Академик М.Л.Гаспаров отмечал влияние силлабики в некоторых стихотворениях Мандельштама, прекрасно знавшего величайшего силлабиста мировой литературы Данте; в наше время силлабическим стихом перевел его “Божественную комедию” другой выдающийся московский филолог Александр Илюшин.
Многие авторы указывали на иную традицию — русских поэтов-силлабистов, прежде всего Антиоха Кантемира. Так поступали, например, Сапгир и Бродский. При этом им приходится чаще всего стилизовать под начало XVIII века и свою лексику:
Та ли пора? Милый Дамон, глянь, на что ропщешь.
Против вины чьей, не кричи, страсть обуяла?
Ты ли с жены тащишь в ночи часть одеяла?
Топчешь, крича: “Благо не печь. Благо не греет”.
Но без луча, что ни перечь, семя не зреет.
Пусто речешь: “Плевел во ржи губит всю веру”.
В хлебе, что ешь, много ль, скажи, видел плевелу?
“Зло входит в честь разных времен: в наши и в оны”.
Видишь ли днесь, милый Дамон, злу Пантеоны?
“Зло и добро парою рук часто сдается.
Деве равно все, что вокруг талии вьется.
Чую, смущен, волю кружить птице двуглавой…”
Левой, Дамон, дел не свершить, сделанных правой.
“Так. Но в гробу, узком вельми, зреть себя нага,
бывши во лбу пядей семи, — это ли благо?
Нынче стою. Завтра, пеняй, лягу колодой”.
Душу свою, друг, не равняй с милой природой!..
(Иосиф Бродский “Подражание сатирам, сочиненным
Кантемиром”, сатира “На объективность”)
Однако современные русские поэты, не связанные с переводческой работой и не занимающиеся нарочитой стилизацией “под старину”, нередко обращаются к силлабическому стиху и для написания вполне современных по тематике и проблематике стихотворений. Например, московский поэт Дмитрий Полищук, отстаивающий право этого типа стиха на жизнь в современной русской поэзии, пишет им и длинные одоподобные стихотворения, и короткие миниатюры:
выпорхнет, замельтешит.
Как вода, огонь, тюрьма,
так шито-крыто страшит.
Бесцветны его цветы,
беззвучен его рожок.
О, одуванчик, где ты
солнечный спрятал желток?
Отличает эти стихи от традиционной русской силлабики XVIII—XIX вв. и то, что здесь строки рифмуются не подряд, как это всегда было у Полоцкого и Кантемира, а через одну, перекрестно, как в классической силлаботонике.

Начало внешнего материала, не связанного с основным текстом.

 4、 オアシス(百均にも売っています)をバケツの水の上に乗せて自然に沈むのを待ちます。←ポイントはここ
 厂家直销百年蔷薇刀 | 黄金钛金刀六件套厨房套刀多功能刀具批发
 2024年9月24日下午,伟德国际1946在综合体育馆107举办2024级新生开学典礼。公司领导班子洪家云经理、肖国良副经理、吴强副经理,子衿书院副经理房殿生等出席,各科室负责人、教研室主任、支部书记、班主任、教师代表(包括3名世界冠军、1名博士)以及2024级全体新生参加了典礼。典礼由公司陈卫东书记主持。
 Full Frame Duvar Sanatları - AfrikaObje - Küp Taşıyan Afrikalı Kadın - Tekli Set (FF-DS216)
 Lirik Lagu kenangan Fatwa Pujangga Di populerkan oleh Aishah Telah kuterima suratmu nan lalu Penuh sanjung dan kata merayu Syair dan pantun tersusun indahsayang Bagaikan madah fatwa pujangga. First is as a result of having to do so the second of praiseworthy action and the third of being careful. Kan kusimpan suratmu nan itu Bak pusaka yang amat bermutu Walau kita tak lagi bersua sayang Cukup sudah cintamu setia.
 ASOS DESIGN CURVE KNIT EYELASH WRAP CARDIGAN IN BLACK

Современные поэты, обращаясь к традициям стиха разных эпох и народов, нередко стараются их переосмыслить и видоизменить, обновить и осовременить. Особенно это относится к так называемым “античным” типам стиха: гекзаметру и логаэдам.
Прежде всего необходимо заметить, что русские аналоги этих размеров, сконструированные в их нынешнем виде в XVIII веке, очень мало походили на древнегреческие и римские стихи с переменными стопами; поэтому их обычно и называют русскими гекзаметрами и русскими логаэдами. Однако уже в пушкинскую эпоху они использовались достаточно широко, прежде всего — для переводов и подражаний модной тогда античной поэзии.

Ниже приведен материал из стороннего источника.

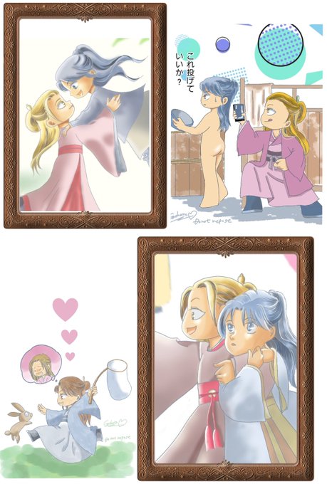 #イラスト #イラスト好きさんと繋がりたい おはようございます~🎵 今日も自分のペースで頑張りましょう😄💓💓 イラストは現代AUです😆 老「💒💐💝」 阿「😳😳😳前、簪もらったぞ?」 老「現代版でも、贈りたい!」 阿「😳😳😳💦」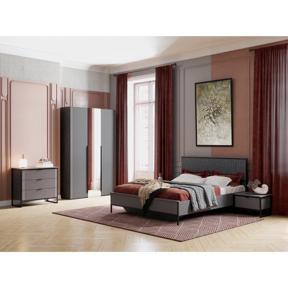 Гарнитур подходит как для просторных, так и для небольших спален, помогая эффективно использовать пространство и создавать уютное место для отдыха и сна.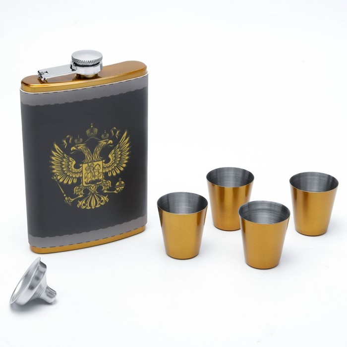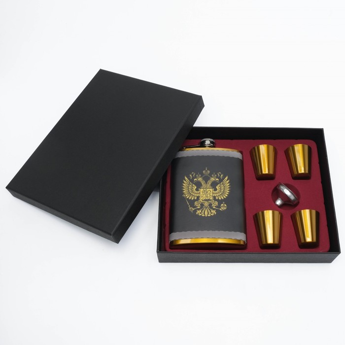 Подарочный набор 6 в 1 "Герб России": фляжка 270 мл, 4 рюмки, воронка, 24 х 17 см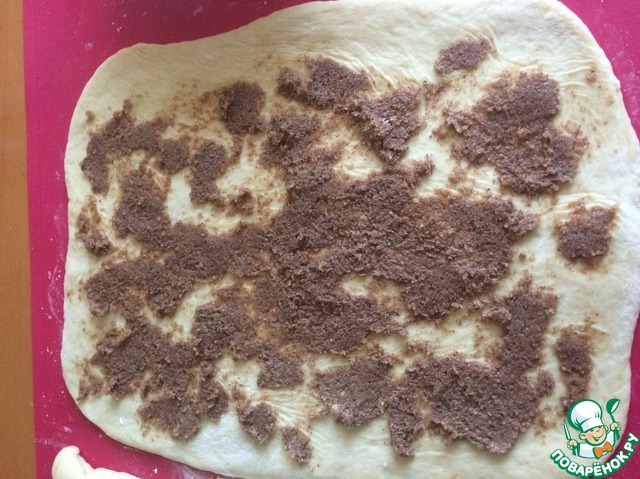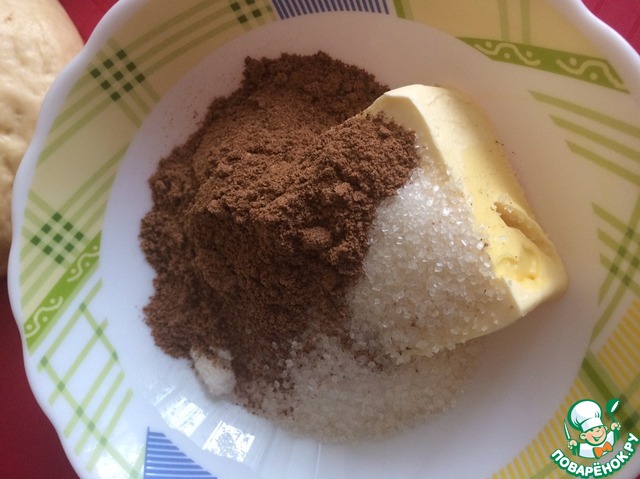 Приготовить начинку. Масло перетереть с сахаром и корицей.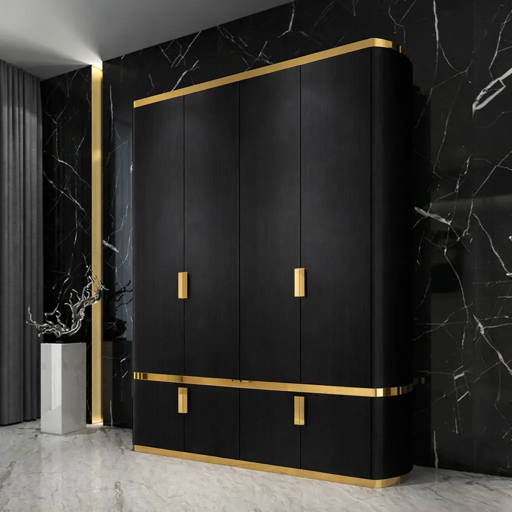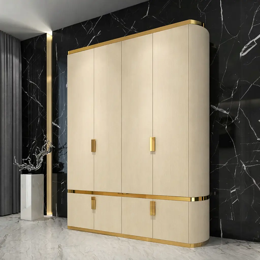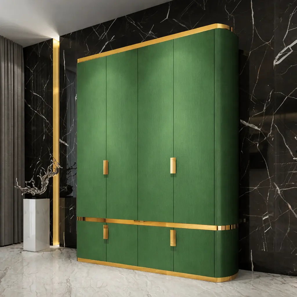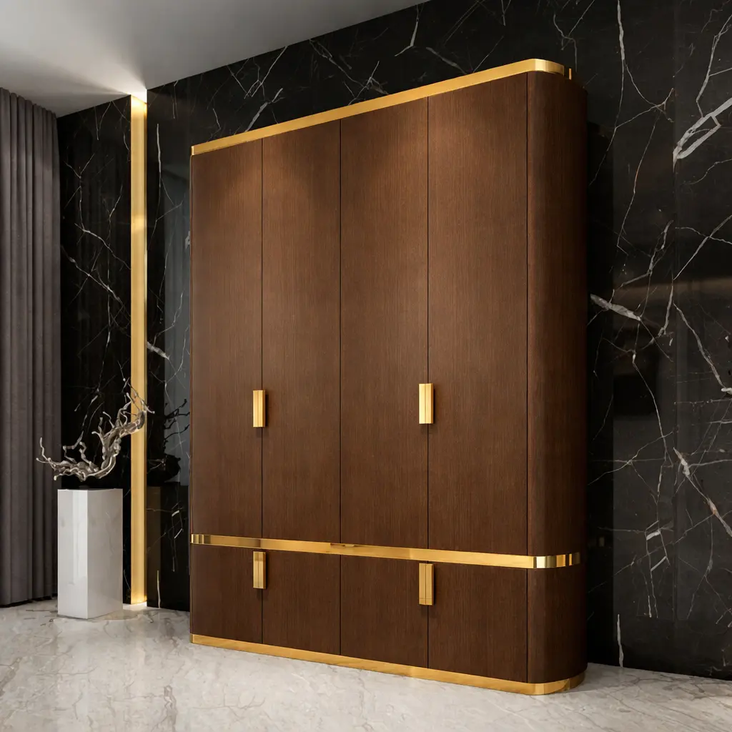 هذا الدمج بين الخشب والتفاصيل المعدنية يمنح الخزانة مظهرًا فخمًا مع الحفاظ على العملية في الاستخدام اليومي.

Особенность этого типа стиха в том, что строки и строфы строятся из силлаботонических стоп, но разных по своей природе: так в русском гекзаметре (шестистопнике) это дактили, которые могут заменяться хореями в любой позиции, кроме предпоследней, а последняя, наоборот, всегда должна быть хореическая; строки гекзаметра, как и в античном оригинале, обязательно нерифмованные. Длинные строки гекзаметра прекрасно подходят как для эпических поэм (поэмы Гомера и их переводы на русский язык Жуковским и Гнедичем), так и для коротких “антологических” стихотворений и эпиграмм (в них используется особая двухстрочная строфа — элегический дистих, в которой за строкой гекзаметра следует строка пентаметра; в русских имитациях это тоже дактило-хореический шестистопник, но с обязательным сокращением слогов на цезуре перед четвертой стопой, где “сталкиваются” два подряд ударных звука, что резко делит строчку пополам, создает контраст четных и нечетных строк.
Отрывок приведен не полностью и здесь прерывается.